73. Two different signs

a. Two different signs, ं and ँ, are found in the manuscripts, indicating the nasal sound here treated of. Usually they are written above the syllable, and there they seem most naturally to imply a nasal affection of the vowel of the syllable, a nasal (anunāsika) vowel. Hence some texts (Sāma- and Yajur-Vedas), when they mean a real anusvāra, bring one of the signs down into the ordinary consonant-place; but the usage is not general. As between the two signs, some manuscripts employ, or tend to employ, the ँ where a nasalized (anunāsika) vowel is to be recognized, and elsewhere the ं; and this distinction is consistently observed in many European printed texts; and the former is called the anunāsika sign: but the two are doubtless originally and properly equivalent.

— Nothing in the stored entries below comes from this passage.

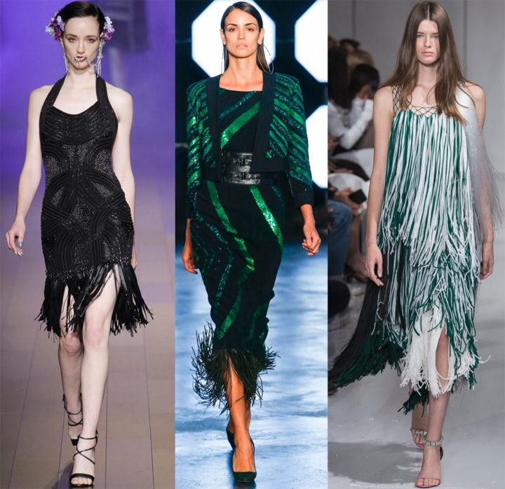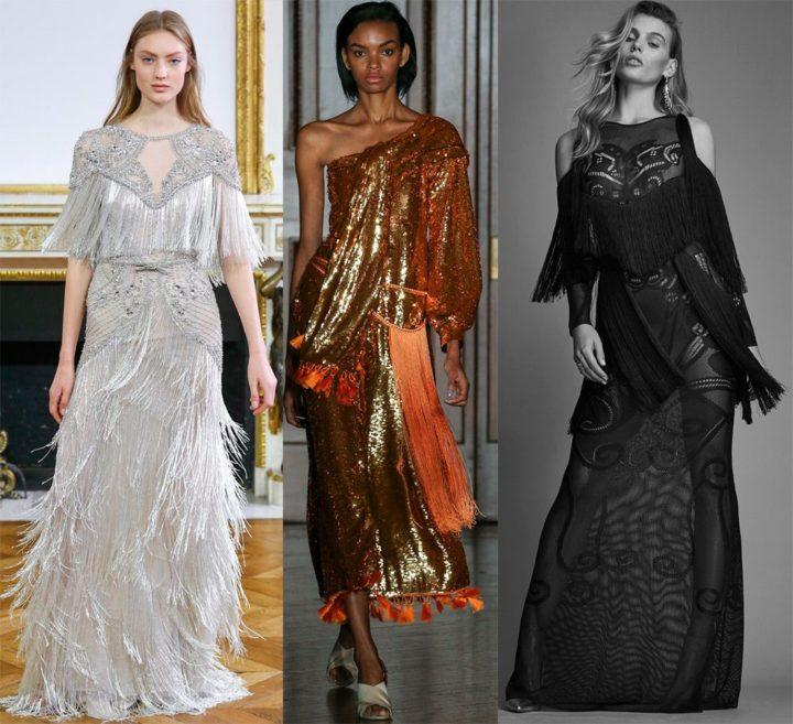 Des robes originales et fluides à franges. Dans les collections de mode, les créateurs ont décoré les manches, les épaules, le corsage, les jupes, ainsi que toute la robe.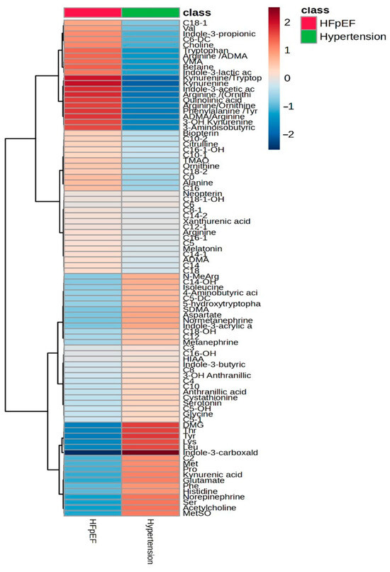 Differences in the concentrations of metabolites between HFpEF and hypertension groups using a heatmap.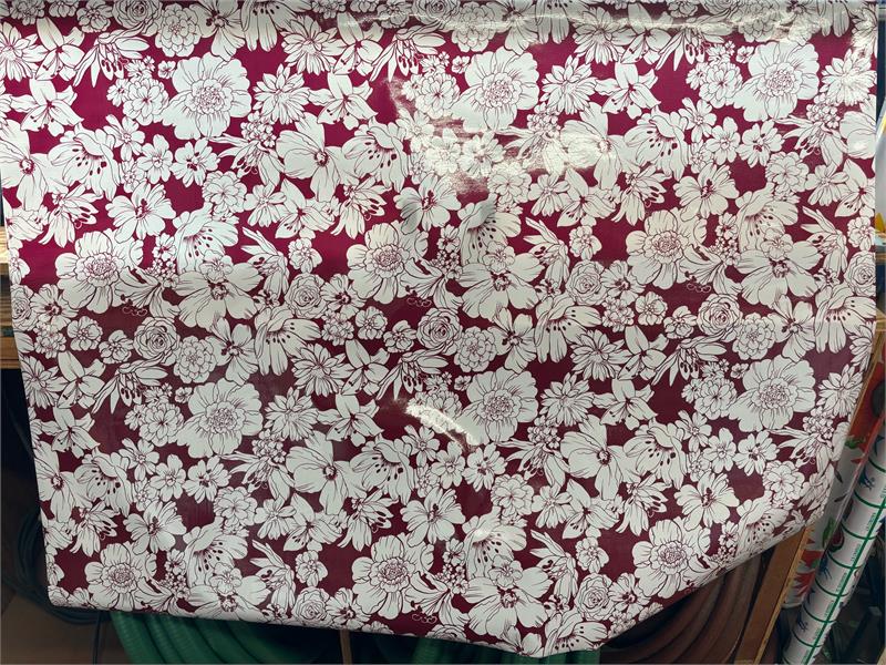 Victoria on Burgundy Oil Cloth, YardageOilcloth has been around for over a century and when it comes to making a bold color statement anywhere in your home. Oilcloth is a long-lasting, sturdy product that comes in vibrant colors. The oilcloth of yesteryear was resin-coated vinyl and the finish sometimes cracked or flaked. The new version is made of hi-tech plastic that won't crack but has the same colorful shine. Oilcloth has a mesh backing, which means it can really hold a stitch. It can be used for anything that needs to be durable and colorful--tablecloths, upholstered dining room chairs, curtains, bibs, lampshades, tissue boxes, outdoor chairs, etc. Your only limited by your imagination! Oil Cloth measures 48" wide & a full bolt equals 12 continuous yards (36 feet) Don't see the pattern or color you want? Please let us know and we will order it for you!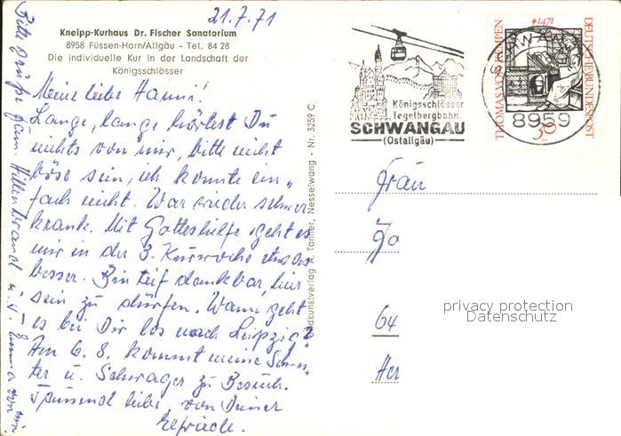 alte Postkarte Fuessen Allgaeu Kneipp Kurhaus Dr Fischer Sanatorium Alpen postalisch gelaufen Erhaltung siehe scans
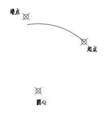 该种方式是通过指定三个点来创建一条圆弧曲线。给定的第一点为圆弧的起点,第二点为圆弧的中间点,第三点为圆弧的终点。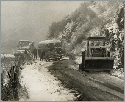 A grader clearing the snow on Dyers Pass Road with cars and ...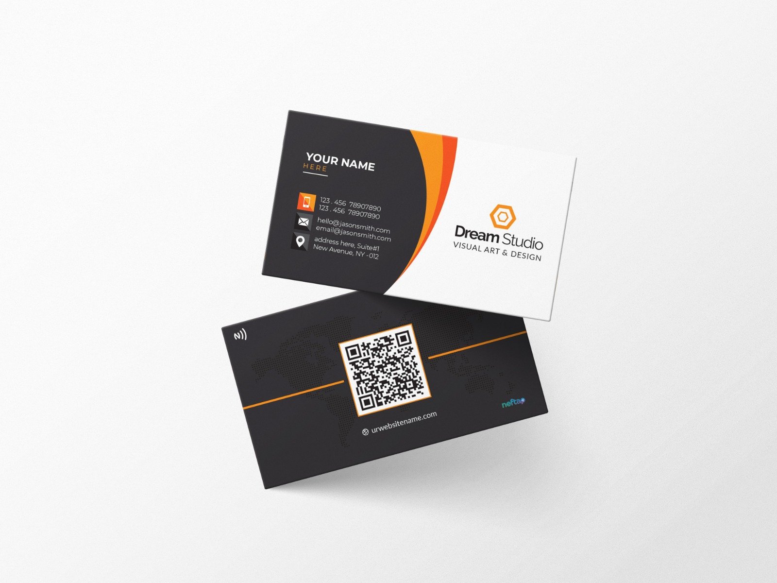 Simple yet striking card with soft orange accents. A great pick for brands, freelancers, and modern professionals who love a clean look.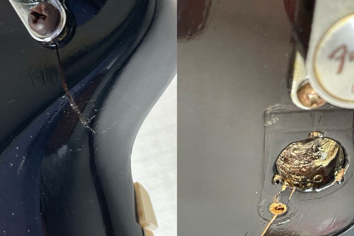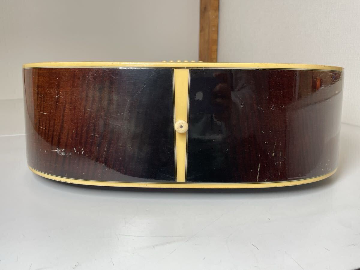 | 商品説明 | ※説明文中にも画像ございます。 ご覧いただきありがとうございます。 ◎商品詳細 ・複数の打痕や傷や汚れがあります。ヘッドの裏側の1番下のペグの下あたりに亀裂のような物があり、ペグを外した穴までは亀裂が届いていないですが、全体的に状態は悪いので画像をよく見てご判断ください。 ・前所有者が喫煙者のため、喫煙環境で使用されていた物になります。 かなり拭き掃除はしましたが、指板からはまだヤニ汚れのようなものが拭いたら出るかと思います。拭き掃除後、指板にはレモンオイルを塗布してます。指板とサウンドホール以外の部分はヤニ汚れが出ないくらいまで掃除してます。ペグも外して掃除しました。 ・サウンドホール内は未清掃となり、サウンドホール内の底面のストラップピン付近にはホコリが見受けられます。画像でご確認ください。 ・塗装の剥げや、塗装のひび割れのようなダメージなどもございますので画像でご確認ください。 ・ヘッドの角のダメージが1番目立つかと思います。画像でご確認ください。 ・フレットの残り具合や、ネックの反り具合などは詳しくないため、画像でご判断ください。 ・弦は清掃のために外しましたので、弦が無い状態でのお届けになります。落札者様で弦を新たにご用意ください。 ・ネジ類など鉄製パーツにはサビが見受けられますので画像でご確認ください。 ・その他、外観については画像でご判断ください。 ・大阪から佐川急便での発送を予定しているのですが、梱包時のサイズが170サイズを少し超えると思われるので、180サイズの予定をしておいてください。佐川の荷受けの担当者さんの加減で170サイズで荷受けしてもらえる可能性もございますので着払いで発送させていただきます。 ・日程調整後、大阪市中央区に直接引き取りも可能です。 ◎サイズ ・全長約107.5cm(ストラップピン含む)×幅約40cm×厚み約10cmから約12.4cm(ブリッジ等含まない) ・ナットからサドルまで約65cm ・ナット幅約44mm |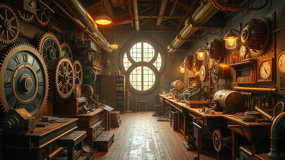 歯車と機械が並ぶ時計職人の工房。スチームパンク的で精密な雰囲気が特徴です。スチームパンク作品、職人系コンテンツ、ファンタジーゲームなどに最適。商用利用OK・クレジット不要。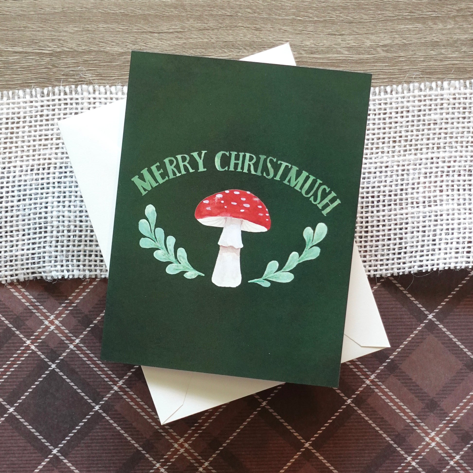 An illustrated card featuring a merry mushroom with a punny holiday message.

b. It is a very common custom of the manuscripts to write an anusvāra-sign for any nasal following the vowel of a syllable, either before another consonant or as final (not before a vowel), without any reference to whether it is to be pronounced as nasal mute, nasal semivowel, or anusvāra. Some printed texts follow this slovenly and undesirable habit; but most write a nasal mute whenever it is to be pronounced — excepting where it is an assimilated m (213).

c. It is convenient also in transliteration to distinguish the assimilated m by a special sign, ṁ, from the anusvāra of more independent origin, ṅ; and this method will be followed in the present work.